Steps:
- Toast chiles in a dry small skillet over medium-high heat, turning occasionally and pressing down to help them make contact with the pan, until darkened in color and beginning to soften, about 3 minutes. Transfer to a bowl and cover with 2 cups boiling water; let sit 30 minutes to soften. Drain; remove seeds and stems. Purée chiles and broth in a blender until smooth, about 1 minute.
- Once chiles have soaked 10 minutes, heat 1 tablespoon oil in a large heavy pot over medium-high. Season beef with salt and pepper and cook, stirring occasionally, until browned all over, about 5 minutes. At this point, quite a bit of liquid will have accumulated; continue to cook until it has evaporated, about 3 minutes. Transfer beef to a plate.
- Add 1 tablespoon oil to pot, then white onion and garlic; season with salt and pepper. Cook, stirring often, until softened, 6-8 minutes; onion juices will help loosen anything left on bottom of pot. Add cumin and oregano and cook, stirring, 1 minute.
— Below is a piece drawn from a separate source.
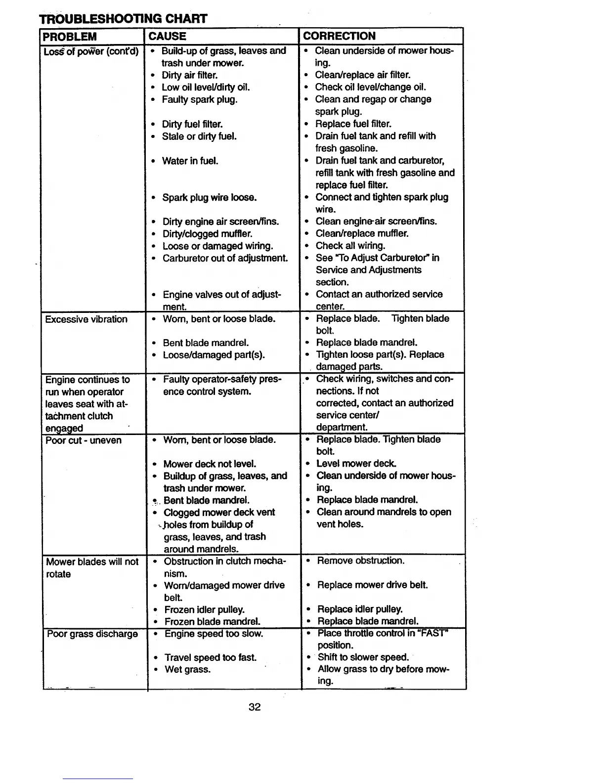 • Clean/replace muffler.

- Return beef to pot and add beer. Bring to a boil, reduce heat, and simmer, stirring occasionally, until almost completely reduced, about 4 minutes. Add chile purée, season with salt and pepper, and bring to a boil. Reduce heat and simmer until liquid is slightly thickened and meat is tender, 20-25 minutes. Add squash; cover and cook until tender, 10-15 minutes. Stir in lime juice.
- Meanwhile, preheat oven to 350°F. Toss pumpkin seeds and remaining 1 teaspoon oil on a rimmed baking sheet; season with salt. Bake, stirring occasionally, until golden brown, 8-10 minutes. Let cool.
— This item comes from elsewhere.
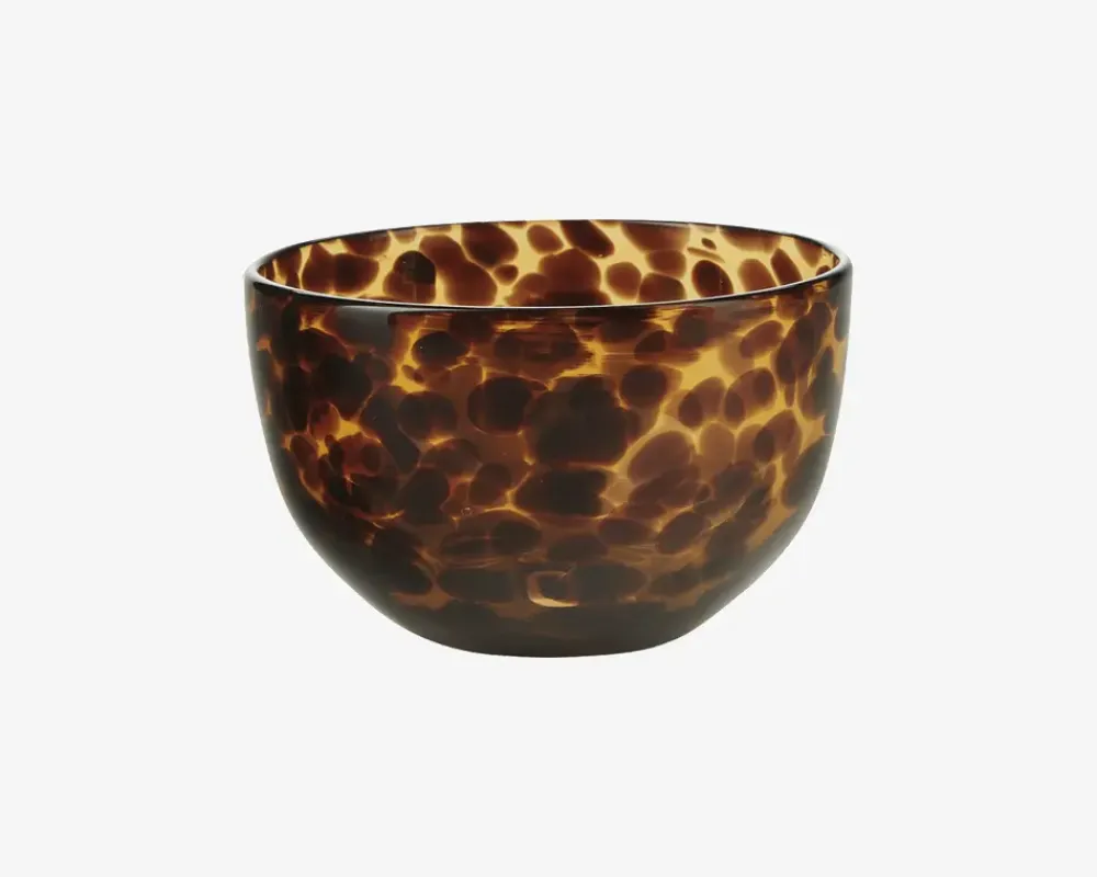Skål i mundblæst glas med mønster i gyldne nuancer. Skålen er en del af en serie som fremstilles i forskellige farver, ligesom der findes drikkeglas i serien. Skålen kan både bruges til morgenmad eller snacks, eller som indretning i hjemmet.Skålen tåler opvaskemaskine.• Mål i cm. : H.4,5 x Ø.11,5• Materiale: Glas• Farve: Brun•Kan vaskes i opvaskemaskinen

- Serve chili topped with sour cream, avocado, red onion, and toasted pumpkin seeds.
- Do Ahead
- Chili can be made 3 days ahead. Let cool; cover and chill, or freeze up to 1 month.
Are you curently on diet or you just want to control your food's nutritions, ingredients? We will help you find recipes by cooking method, nutrition, ingredients...
Check it out »
You'll also love
Luyanda Gege
luyanda16@hotmail.comThis chili is a must-try for any chili lover.
ARMAN J.R
j-arman@yahoo.comI'm not a big fan of chili, but this recipe changed my mind. It's so delicious!
kgan jalal
jalal.k@hotmail.comThis chili is the perfect comfort food for a cold winter day.
Delana Blevins
blevins@gmail.comThis chili is so versatile. You can add or remove ingredients to suit your taste.
Anishma Ashika
a_a@yahoo.comI love that this chili is made with all healthy ingredients.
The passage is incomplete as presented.